Yes, I am blessed with 2 months off every summer, but it is a mixed blessing. There are many stages of summer vacation excitement. In talking to other teachers I have come to believe this is indeed wide spread and can be termed "summer vacation syndrome" It begins with the the dreamy thought of ahhhhhh two months where I can do WHATEVER I WANT! Then there is the terrifying thought of eeekkkkk I can do WHATEVER I WANT! No structure, no appointments, just a blank void of time. A terryfying void. The first responsse is to begin filling it with fantasy projects. Here are some of mine:

oh! I can stay at work a few extra days trying to get a few things done that I never seem to have time to do!
mmmm! I can knit every morning!
oooo! I can redo the sewing closet!
ahhhh! I will knit lots of dishclothes!
eeek! I can read lots of books!
sigh! I will knit an octopus for my classroom next year (the kids picked the animal)
hey! I can take a few education classes!
hmmmm....I COULD go see a 4 evening opera with James since he really really wants to go.
yipeee! I'll go to Africa!
yes! I will knit socks on the way to Africa!
ohhh! I have lots of friends getting married, I'll be able to go to 3 of the weddings!
hmmmm...maybe I can finish that shawl on the way to those weddings!
yeah! I will work out a little every day.
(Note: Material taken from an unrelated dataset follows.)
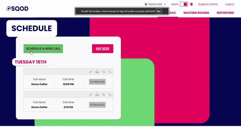 To schedule a new call, simply select the green 'Schedule a new call' button, to be offered call details for completion. The following details will need to be entered:-

This continues throughout the spring as you list one dream after another.

At the beginning of summer you begin to plot the reality of the relaxing summer you have planned for yourself and then begin to get very very stressed. "How will I do all of this?" you think.

Finally you decide that your goals were "guidelines" rather than actual things to accomplish.

Most of those things on my list WILL happen but I might have to let go of the sewing closet in order to make enough time to knit, though that thought makes me hold back a few tears. We will see. THERE IS NO RUSH (as I keep telling myself to no avail).

The best part of summer has been the ridiculous amount of time I can spend knitting. I've finished up several old projects and begun the "March of the Dishclothes." I might be addicted.